Lastly, in “What Do We Deserve?” all of the different models of economic justice relate to “The Future of Food” by Elizabeth Dickinson. The first model is the libertarian model. This model is about the inequality of people and how different races, classes, genders, and people with different sexuality preferences don’t have the same opportunities and don’t start out their lives the same. For example, people of different classes either grow up rich, middle class, or poor. Arora states, “So while the racetrack may look nice and shiny, the runners don’t begin at the same staring point” (87). The second model is the meritocratic model.
This model is about how some people are already born with talents and attributes while others don’t have that advantage. Those who do not have those advantages have to work hard to earn their wins.
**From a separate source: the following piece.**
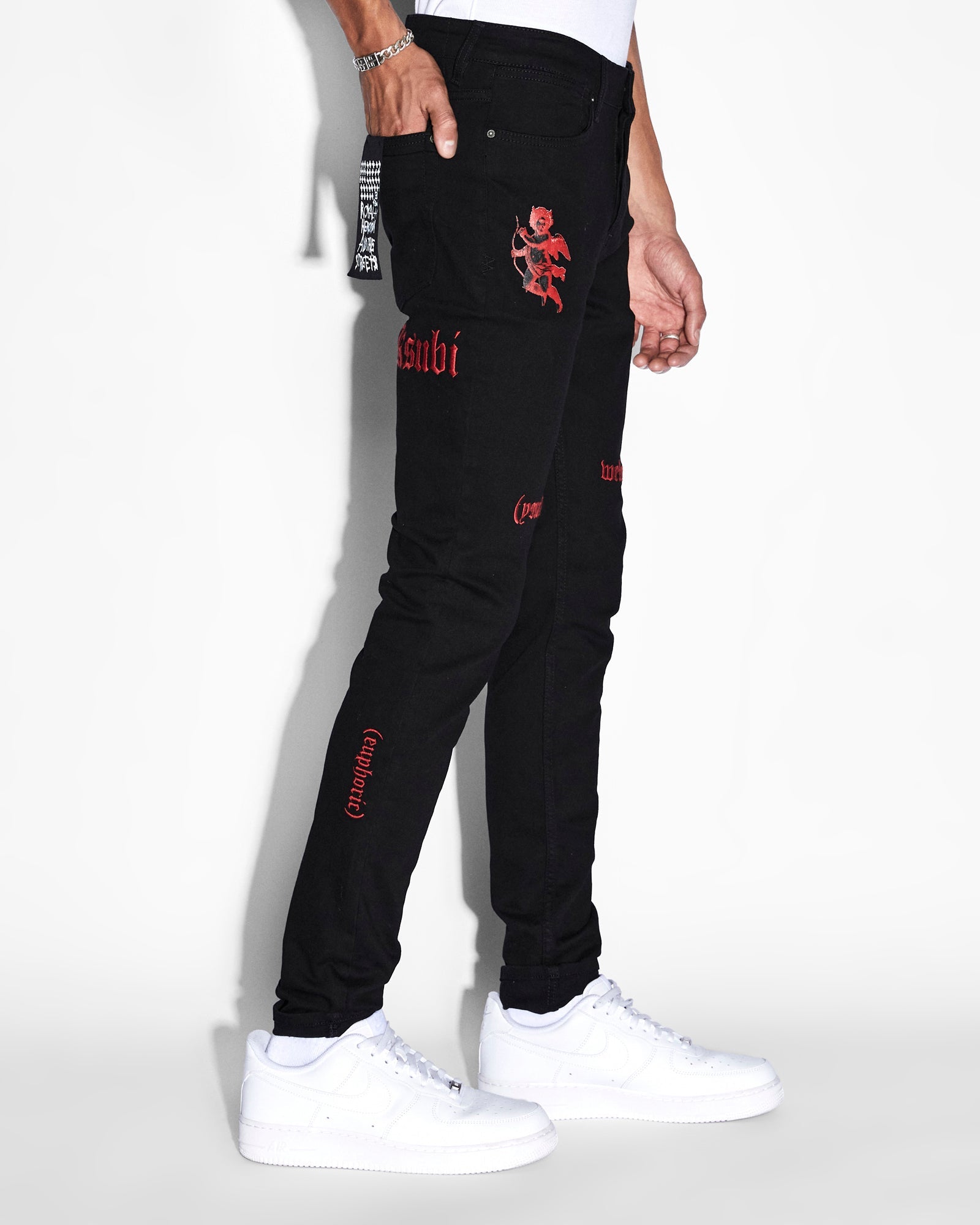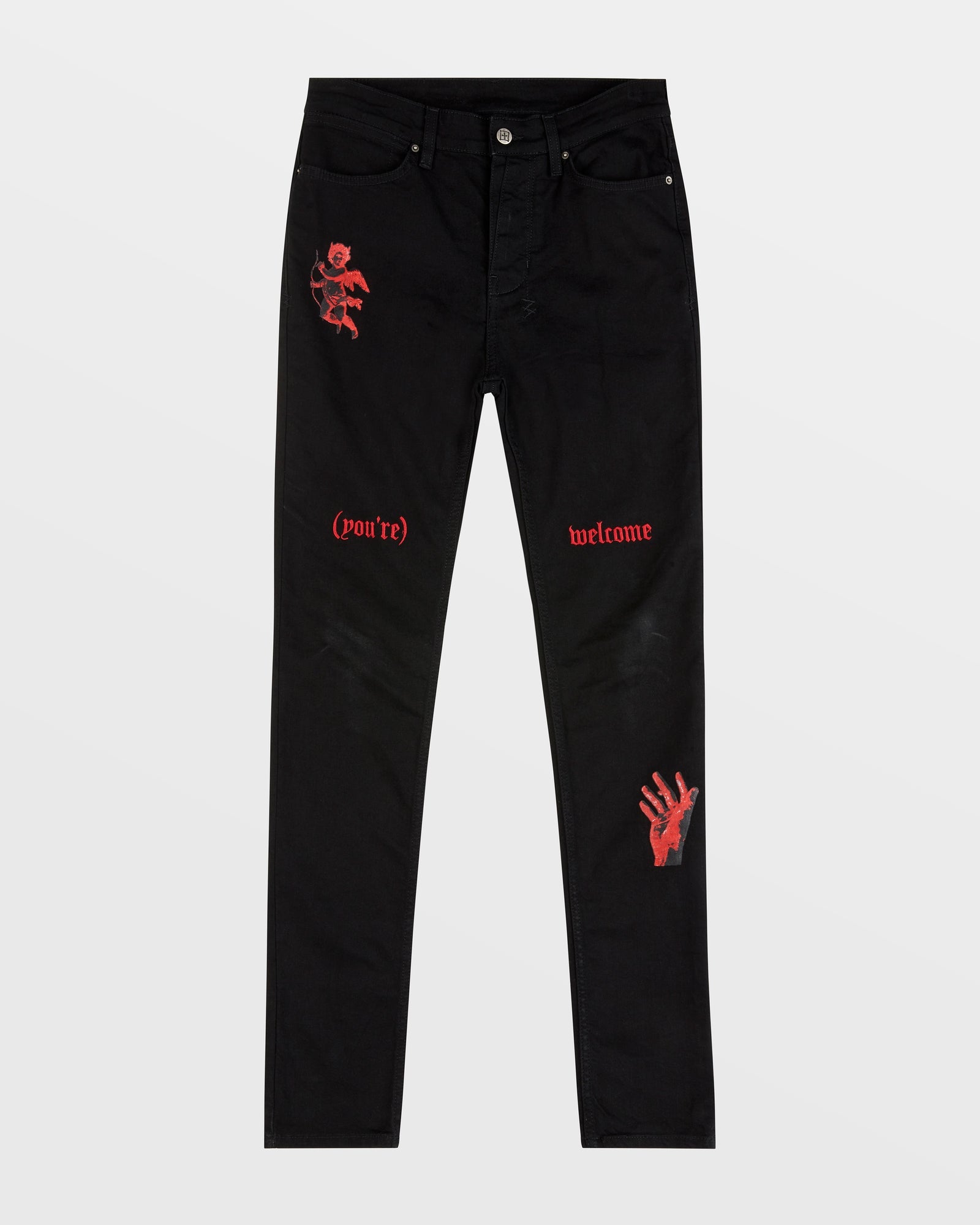 The Van Winkle Icons Black features multiple screen prints and embroidery on the front and back. This is a skinny fit jean with a mid rise, unique angled belt loops, five pockets and a front fly seam. This style is made from a European comfort stretch denim in a jet black colourway and finished with our signature woven pocket tag, t-box, 4x4 embroidery and Ksubi branded hardware

For example, society does not give as much praise to a person who isn’t born with a talent or attribute than they do to those who already have it in them. Arora expresses, “Are their wins not as arbitrary from a moral standpoint as the wins of those born with silver spoons in their mouths?” (88). The third model is the egalitarian model.
This model talks about how if the people who are born with natural gifts don’t work for their success but still get rewarded, they should share their rewards with the public who do work to earn rewards. For example, if someone is born wealthy because of the family they come from, then they should be considerate to others and share what they have instead of being greedy. They did not work hard to earn the wealth. It was just handed to them very easily. Arora proclaims, “We should certainly encourage people to hone and exercise their aptitudes, but we should be clear that they do not morally deserve the rewards their aptitudes earn from the market” (88).
All of these models relate to “The Future of Food” in very similar ways. It shows that not all people can afford the increasing prices of food, which causes world hunger. The ones born with attributes that make their life easier would be able to gain fame and fortune and wont have to worry about going hungry. Also they have things a lot easier than others. People don’t deserve anything unless they have earned it. It is not fair to those who are trying hard to succeed but fail and get no credit at all.
Those trying to succeed are trying to provide for themselves in order to afford the food while prices are getting higher and higher. To sum it up, food production in the future will be a very big challenge we will have to face, but all obstacles can be overcome if we set our minds to it. I believe that if we all work together on the strategies talked about earlier, we can achieve feeding all nine billion people in this world, including all the starving people in the countries that suffer from poverty. Also with all the types of models of economic justice, society need to be fair with the right ways on rewarding people from either different classes or with different advantages.